Knowing when to trust machine-learned interatomic potentials

arXiv cs.LG / 5/4/2026

📰 NewsIdeas & Deep AnalysisModels & Research

Key Points

  • The paper argues that current MLIP uncertainty quantification methods based on ensembles scale poorly for foundation-scale models and that ensemble disagreement is only weakly correlated with true per-molecule prediction error.
  • It proposes PROBE (Post-hoc Reliability frOm Backbone Embeddings), which turns uncertainty estimation into a post-hoc selective classification problem using a compact classifier on frozen per-atom representations from a pretrained MLIP.
  • PROBE outputs a per-prediction reliability probability that monotonically tracks actual prediction error without changing the underlying MLIP.
  • Evaluations on large held-out sets across two structurally different MLIP architectures show PROBE outperforms ensemble disagreement as a binary reliability signal, with stronger performance as the backbone representation becomes more expressive.
  • The approach is post-hoc, architecture-agnostic, directly deployable on any MLIP exposing per-atom representations, and it can produce chemically interpretable per-atom importance maps via multi-head self-attention at no additional compute cost.

Abstract

Prevailing machine-learned interatomic potential (MLIP) uncertainty-quantification methods rely on ensembles of independently trained backbones.
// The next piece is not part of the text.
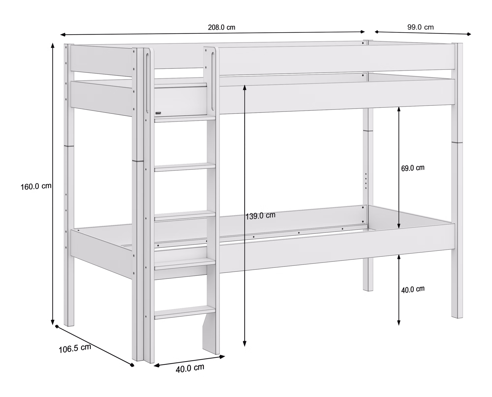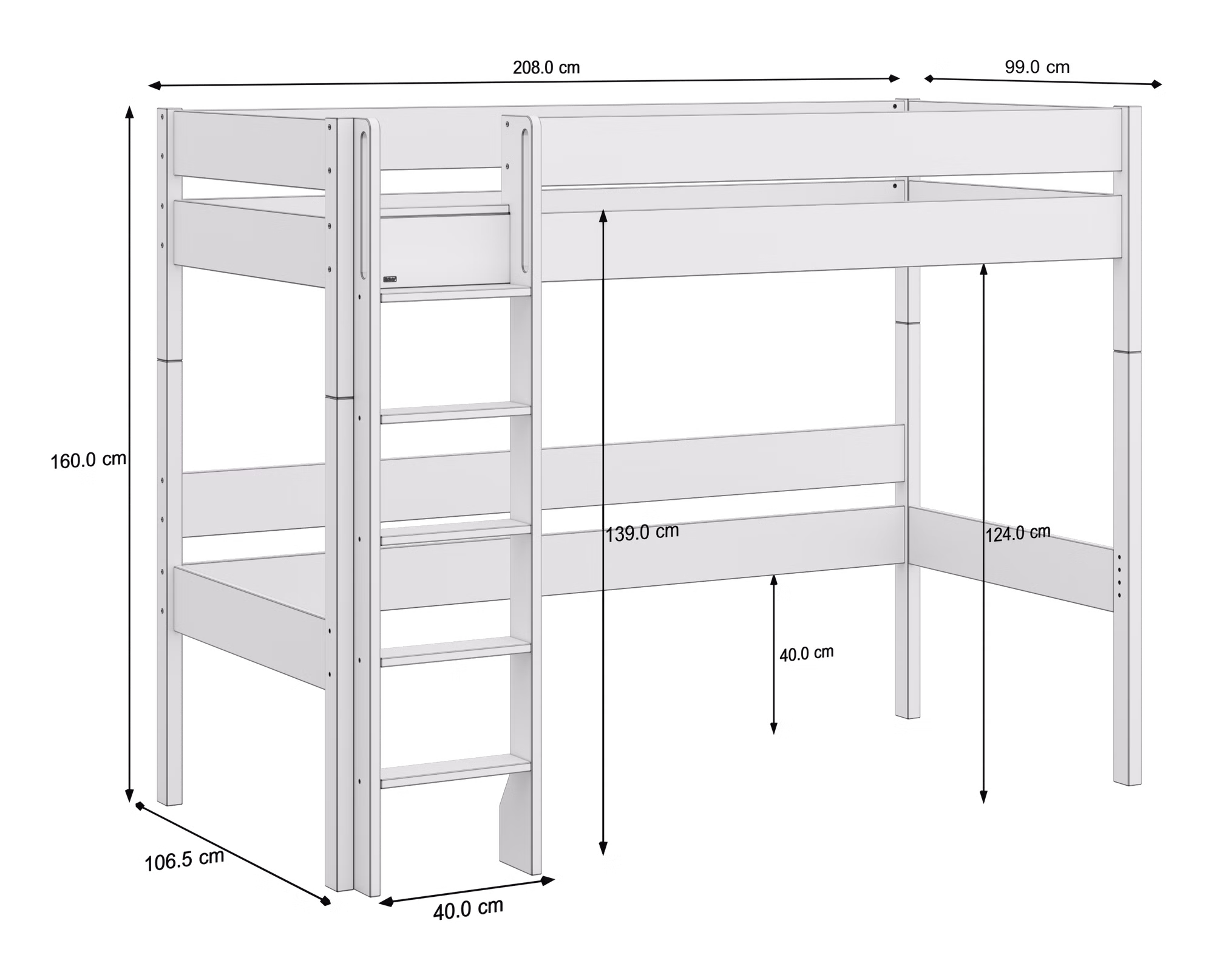 Diese Variante bietet die ideale Höhe für Eltern und Kinder. Das Bett lässt sich bequem beziehen, während Ihr Kind dennoch das Gefühl eines „echten Hochbetts“ genießen kann. Der Platz darunter verwandelt sich im Handumdrehen in eine gemütliche Kuschelhöhle, Leseecke oder Spielwelt – ein Lieblingsort für ruhige Stunden und kreative Abenteuer.

These methods scale unfavorably with foundation-scale MLIPs, and their member-disagreement signals correlate weakly with per-molecule prediction error. Here we probe the frozen per-atom representations of a pretrained MLIP with a compact discriminative classifier, recasting MLIP uncertainty quantification as selective classification rather than error regression. The resulting method, PROBE (Post-hoc Reliability frOm Backbone Embeddings), produces a per-prediction reliability probability that monotonically tracks actual error without modification to the underlying model. Across large held-out evaluation sets and two structurally distinct MLIP architectures, PROBE outperforms ensemble disagreement as a binary reliability signal, which strengthens with the expressiveness of the backbone representation, implying a favorable scaling trajectory toward foundation-scale MLIPs. Multi-head self-attention additionally yields per-atom importance maps, providing chemically interpretable diagnostics at no additional computational cost. PROBE is post-hoc and architecture-agnostic, and is directly deployable on any MLIP that exposes per-atom representations.